I got her in the end and she’s a nice strong Wexford woman and not in need of paternal volunteers. I heard from Joanne Breen that Reiltín was keeping a diary, like me. Turns out she isn’t. There probably was a conversation and somebody said ‘I could write a book’ of what fun we all had on the GB. Should have known. But it does sound as if she has stories and I hope we’ll hear them.
Not this Irish trip, though. We’ll spend two weeks whirling round Ireland trying to keep up with my permanantly optimistic forecasts of how far you can get on Irish roads by drawing straight lines on maps. I keep sending Murray itineraries and inviting him to feel the width. And he does - what else can a fellow do?
We are – it’s almost the same conversation - trying to get down to the draft script. I’ve done the draft, I want him to agree and disagree and for us to hammer out an agreed script and for this to be the basis of our talks with people from now on.
Murray is, I think, still treating this as an observational piece, filming the Gaelic world the way David Attenborough films badgers - you lie in wait; they do what they do; then you cut, paste and comment. The poets I’ve been talking to won’t wear this one, most of them and, if they eventually decide to, they’ll sure as hell complain about it afterwards.
We try to have the script conversation in the Fruitmarket Gallery, full of art butterflies - armour-plated, female, eastern (Scottish) - and attitude; and of people who think they might be supposed to know you and hope you have heard of them. We were there because Canongate got ill and couldn’t meet us again today - third cancelled Cannongate meeting this week: 2-1 to them and very little time to equalise.
2/11/01
There’s only the weekend between us and Ireland. Almost everything is arranged that can be arranged. There are certainly no more phone calls to be made and hardly anything going on that could give you the impression that you are working; and waiting certainly doesn’t make you feel important or even involved. So we’ll spend this three days of thinking time failing to think.
But a man can act, can’t he? And why are women allowed to do all the shopping and then all the complaining about it? And I wouldn’t mind only. So I went off to do my own version of shopping slavery and to take pleasure in it. I can’t go home - can I? - unburdened? We used to have this wee Dublin guy in London who would never say much, except that when he was going home he would go on and on about not arriving with one arm longer than the other. How do I equalise my arms? Edinburgh Rock and Highland Fudge.
Incidentally, where do you think you go these days to find proletarian gifts? - unhealthy stuff that the working classes used to die of and the rest of us would now like to enjoy in our very post modern recreational way? Sweet shops? Seen one lately? Heard any good rhetorical questions recently? Well, I found rock and fudge at the Museum of Scotland, packaged out of its mind. The posh restaurant on the roof serves, for a price (£8.99), fish and chips and ‘pureed peas’. When will ‘mushy’ jump over the wall and join the retro-garde?

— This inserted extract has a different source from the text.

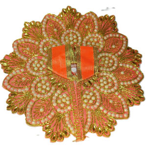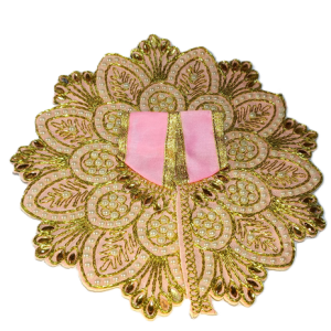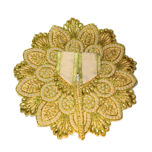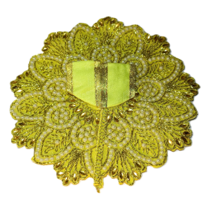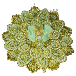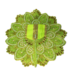 This is a beautiful Laddu Gopal poshak in sea green and gold, featuring intricate embroidery with shimmering golden threads and delicate white beadwork. The floral design radiates elegance, giving the deity an exquisite and divine appearance.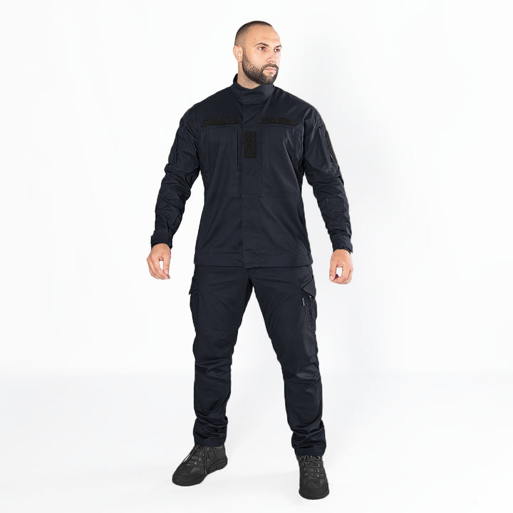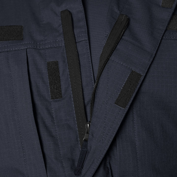 The Blitz Rip-Stop Stretch Tactical Jacket in dark blue (model 9003) from camotec is the perfect choice for military personnel, law enforcement, and paramilitary units who value reliability, comfort, and functionality. Made from a reinforced Rip-Stop Stretch fabric, this jacket is designed to withstand tough conditions while providing ease of movement.

The silence of Canongate continues. You couldn’t call it 3-1 yet, but they are defending very well.
Cassandra has been sighted. By others. Tried to explain the script to somebody today. Sounded like pureed peas. Luckily the meetings are over.
Sunday
Cassandra, invisibly, phones, chuckles a bit, says she’ll see us in Ireland, perhaps.
Monday 5th November 2001 - to Ireland
We’re going on what they used to call land and sea route - drive to Cairnryan, boat to Larne, road to Dublin with a Monaghan interlude. I have considered possible routes, and they are legion. Several are complicated and interesting, two are comparatively straightforward. I decide that we should start with a no-panic route. I can’t face the boring straightforward one, and decide on the enigmatically straightforward one - the old road to Kilmarnock, then the old road to Ayr and beyond, roads that always know where they are going and look like it and show you. I forgot that modern roads look like they know what they’re doing, assume you don’t and keep on reassuring you that The North is up there along with other abstractions. The old roads never mention The North or The South, just the next town and the one after that and have none of the brutal authority which we award to whatever authority is in charge of the victims of geography.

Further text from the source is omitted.